Provided data:
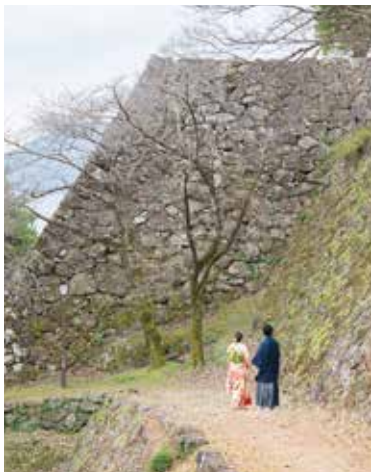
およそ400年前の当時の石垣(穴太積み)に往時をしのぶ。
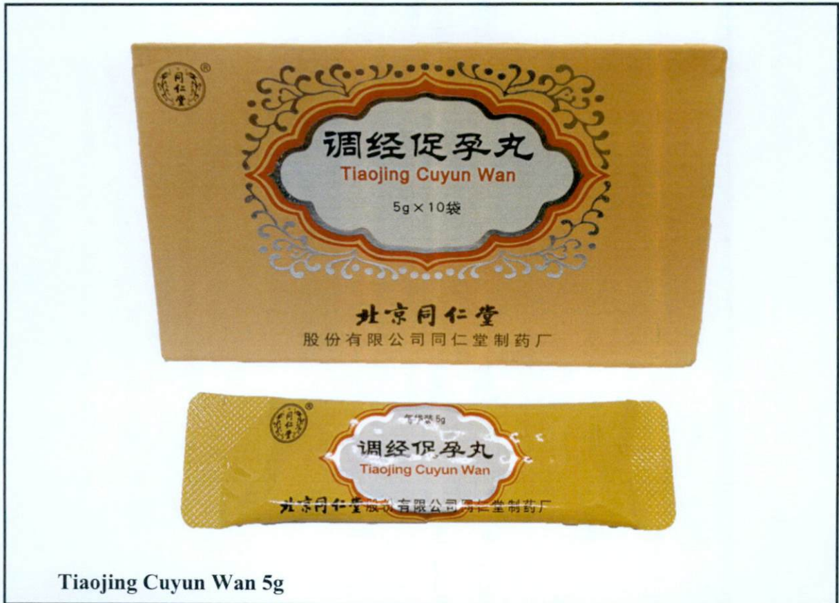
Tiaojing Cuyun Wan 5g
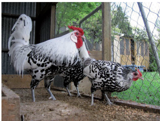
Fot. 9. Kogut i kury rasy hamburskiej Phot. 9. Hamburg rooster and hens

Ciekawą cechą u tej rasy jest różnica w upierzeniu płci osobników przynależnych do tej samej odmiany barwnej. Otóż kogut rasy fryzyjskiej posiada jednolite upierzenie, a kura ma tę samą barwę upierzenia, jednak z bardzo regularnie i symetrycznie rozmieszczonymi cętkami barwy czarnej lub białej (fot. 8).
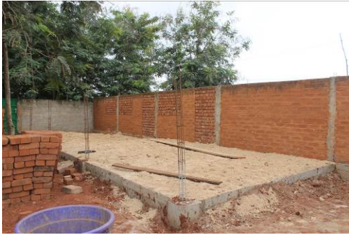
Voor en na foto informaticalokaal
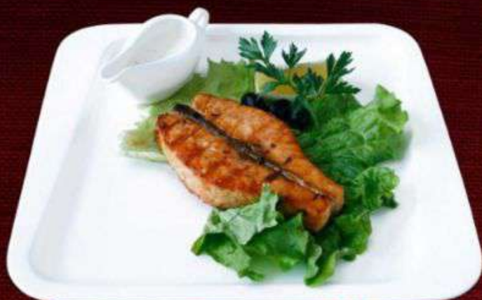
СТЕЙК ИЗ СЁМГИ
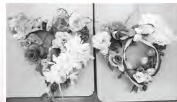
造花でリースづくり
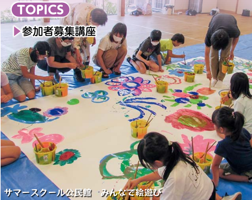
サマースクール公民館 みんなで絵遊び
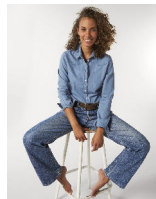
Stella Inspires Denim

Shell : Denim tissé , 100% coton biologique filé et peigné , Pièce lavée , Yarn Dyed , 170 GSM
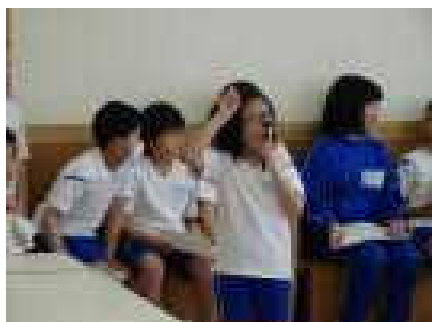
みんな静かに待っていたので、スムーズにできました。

Task objective: Restate the listing above word for word. Leave the images out.

Solved exercise:
およそ400年前の当時の石垣(穴太積み)に往時をしのぶ。
Tiaojing Cuyun Wan 5g
Fot. 9. Kogut i kury rasy hamburskiej Phot. 9. Hamburg rooster and hens

Ciekawą cechą u tej rasy jest różnica w upierzeniu płci osobników przynależnych do tej samej odmiany barwnej. Otóż kogut rasy fryzyjskiej posiada jednolite upierzenie, a kura ma tę samą barwę upierzenia, jednak z bardzo regularnie i symetrycznie rozmieszczonymi cętkami barwy czarnej lub białej (fot. 8).
Voor en na foto informaticalokaal
СТЕЙК ИЗ СЁМГИ
造花でリースづくり
サマースクール公民館 みんなで絵遊び
Stella Inspires Denim

Shell : Denim tissé , 100% coton biologique filé et peigné , Pièce lavée , Yarn Dyed , 170 GSM
みんな静かに待っていたので、スムーズにできました。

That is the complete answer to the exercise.